%%

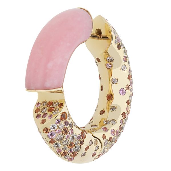 Серьги Oera от Tabayer из 18-каратного желтого золота Fairmined с розовым опалом и сапфирами:
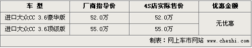 自去年廣州車(chē)展大眾CC亮相后,它的車(chē)型以及售價(jià)一直備受關(guān)注,同時(shí)這款車(chē)搭載的6速DSG雙離合變速箱以及四輪驅(qū)動(dòng)系統(tǒng)均成為其關(guān)注亮點(diǎn)。目前筆者從進(jìn)口大眾北京地區(qū)經(jīng)銷(xiāo)商處了解到,進(jìn)口大眾CC現(xiàn)車(chē)已經(jīng)到店,并有多種顏色可選,具體車(chē)型以及價(jià)格如下:
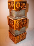 Last year, I really enjoyed making an autumn display with pottery in the appropriate colours, garnished with a few pumpkins, unusual-coloured squash, twigs and dried chestnut cases. Something about West German Pottery… it lends itself so easily to a themed display; a result of the multitude of colours and cacophony of glazes.
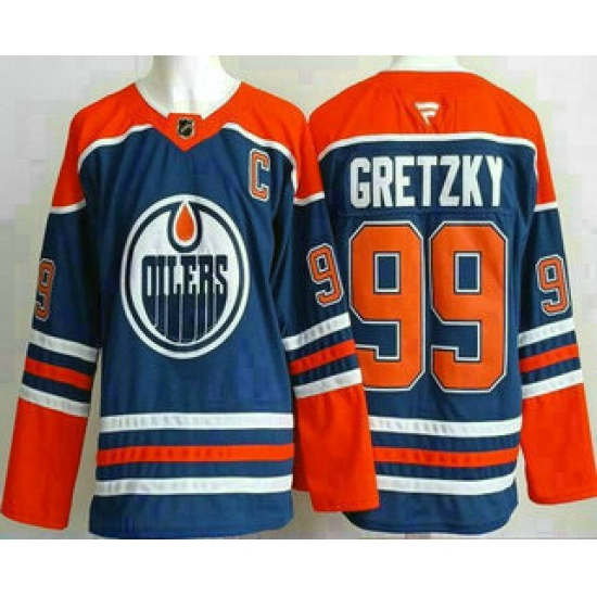 Men's Edmonton Oilers #99 Wayne Gretzky Navy 2024-25 C Stitched Jersey
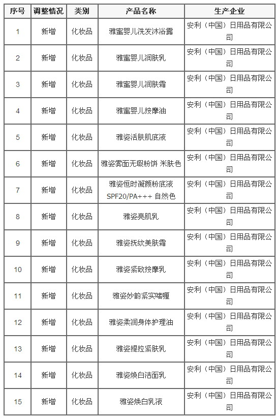 2016年7月29日,商务部直销行业管理信息系统网站公示安利(中国)日用品有限公司调整直销产品信息。安利此次新增化妆品15款。详情如下:
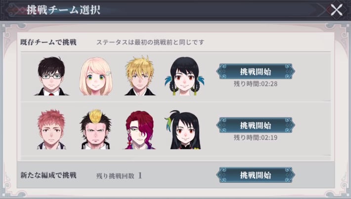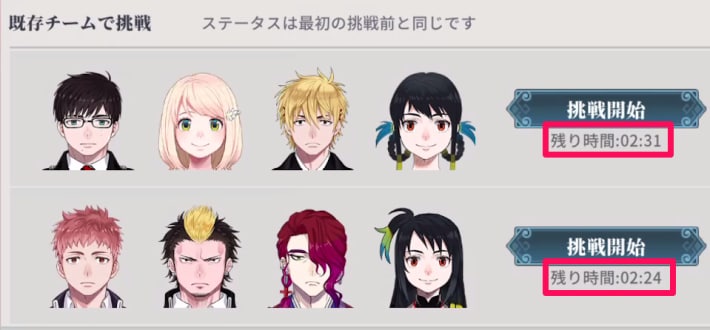 残り時間は、チームごとに別々でカウントされます。1つのチームが制限時間を迎え敗北してしまった場合も、新たなチームを組み挑戦することで挑戦を続行できます。
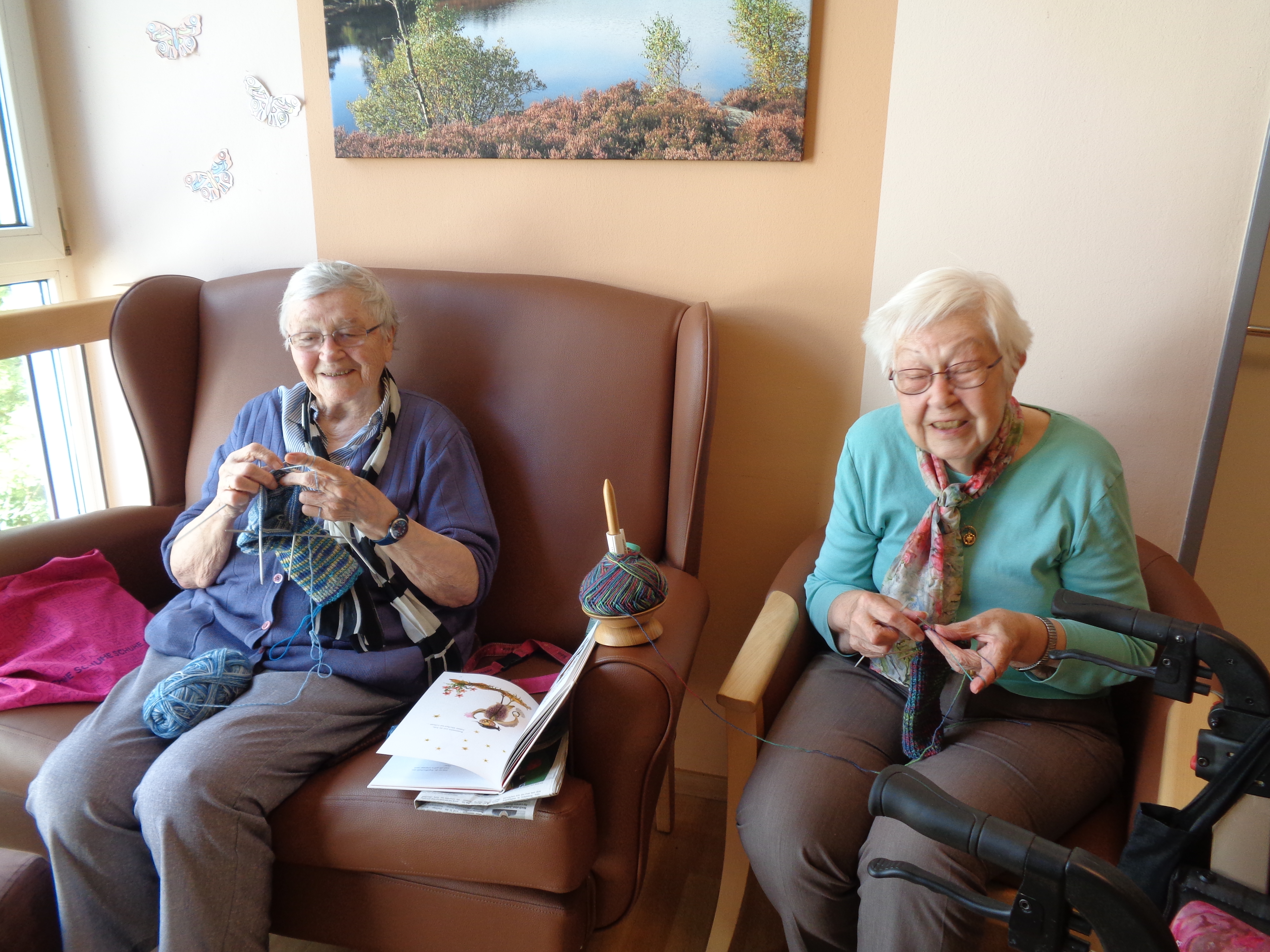 Viele unserer Seniorinnen und Senioren gestalten ihre Freizeit selbst. Es finden sich immer wieder Gruppen, die die gleichen Hobbys haben und sich dazu verabreden. Dabei gibt es vielerlei, was gemacht wird: Stricken, Lesen, sich unterhalten, Mundharmonika spielen, gemeinsam die Zeitschrift "Landlust" anschauen oder einfach beobachten, was sich im Wirtschaftshof so tut.

%%

Leaving aside every picture, transcribe exactly the lines that run from the one with "Men's Edmonton Oilers" to the close of the listing above.

> **SOLUTION TO THIS PROBLEM**
 Men's Edmonton Oilers #99 Wayne Gretzky Navy 2024-25 C Stitched Jersey
 2016年7月29日,商务部直销行业管理信息系统网站公示安利(中国)日用品有限公司调整直销产品信息。安利此次新增化妆品15款。详情如下:
 残り時間は、チームごとに別々でカウントされます。1つのチームが制限時間を迎え敗北してしまった場合も、新たなチームを組み挑戦することで挑戦を続行できます。
 Viele unserer Seniorinnen und Senioren gestalten ihre Freizeit selbst. Es finden sich immer wieder Gruppen, die die gleichen Hobbys haben und sich dazu verabreden. Dabei gibt es vielerlei, was gemacht wird: Stricken, Lesen, sich unterhalten, Mundharmonika spielen, gemeinsam die Zeitschrift "Landlust" anschauen oder einfach beobachten, was sich im Wirtschaftshof so tut.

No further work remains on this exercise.